Third, it can help improve individual products in a portfolio. Analyzing online reviews, social media, and tweets helps identify and understand the product's social sentiment for informed decision-making. Data Science algorithms that can get you started with this are SENTIMENT ANALYSIS or TEXT MINING.
By using Data Science methods companies get a clear insight into their customers’ behavior, preferences, and current sentiment. When using this insight it leads to an optimal product portfolio that meets the customer’s expectation.
Product data, whether internal or external, stands as a goldmine for companies aiming to optimize their product portfolios. Yet, in the food industry, many struggle to fully leverage this resource. This section explores a client example, highlighting Data Science's pivotal role in rescuing their product portfolio through effective algorithms.
In the food industry, product evaluation often centers on revenue and volume metrics over a specific timeframe. However, this conventional approach sparked a crisis for our client, involving major customers accounting for 35% of their annual revenue (approximately EUR 87.5M).
Opting to divest a low-revenue, low-volume product triggered swift and intense backlash from two significant customers in our client's portfolio. Within 30 minutes of informing a small customer group, phones were ringing with threats to take their business elsewhere. Account managers were bewildered, prompting an immediate retraction of the product divestment.
During this tumultuous period, we were enhancing the client's data and analytics platform with Data Science features. Urgently tasked with analyzing the purportedly underperforming product, we aimed to uncover any overlooked aspects.
Following the usual product portfolio process, evaluation based on revenue and volume, they overlooked a vital detail; it was a service product.

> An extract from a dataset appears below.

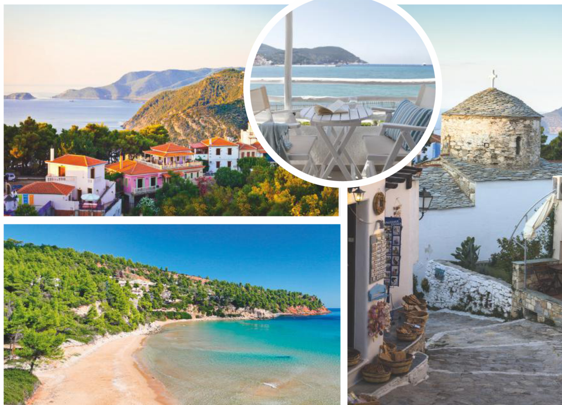
CLOCKWISE FROM TOP LEFT: Alonissos; Skopelos Village Hotel; stone houses; Chrissi Millia beach

Olympic Holidays offers 10 nights' island-hopping from £1,399 per person, including return flights from Gatwick, transfers and ferries. It includes three nights each at Mandraki Village Boutique Hotel in Skiathos, Skopelos Village Hotel and 4 Epoches Alonissos Hotel, and one night at Bourtzi Hotel, Skiathos. Price based on two adults sharing. olympicholidays.com

This realization emerged after applying the Data Science algorithm known as ASSOCIATION RULE MINING (ARM). ARM revealed a robust association between the service product and high-revenue, high-volume items, offering a comprehensive understanding of customer preferences.
Integrating ARM and other Data Science features into the product portfolio management process addressed potential crises, rendering them a thing of the past. The next phase for our client involves collecting, analyzing, and combining external data with their internal dataset.
Through the use of Data Science, you can analyze your company’s product portfolio from a whole new perspective. By analyzing past performance, Data Science algorithms enable us to also predict future trends for similar products.
It aids in understanding popular products, top revenue generators, and strong associations between products, offering valuable insights for decision-making.
It helps the food industry by analyzing factors such as perishability, seasonality, and consumer preferences specific to food products.
Industries like retail and finance have established Data Science practices. Adapting these techniques to food manufacturing requires considerations like supply chain complexities, nutritional data analysis, and food safety regulations.
Algorithms are used to identify food trends, optimize pricing strategies, or enhance supply chain efficiency. The outcome of these techniques serve as additional input for the product portfolio management process.
Challenges such as data quality issues, privacy concerns, and the need for specialized domain knowledge can be encountered. Overcoming these obstacles involves initiatives like data cleaning and normalization procedures. Thereby,ensuring compliance with regulatory standards such as GDPR or FDA regulations.
Secondly, we need to ensure close collaboration between Data Scientists and domain experts to interpret results and make informed decisions.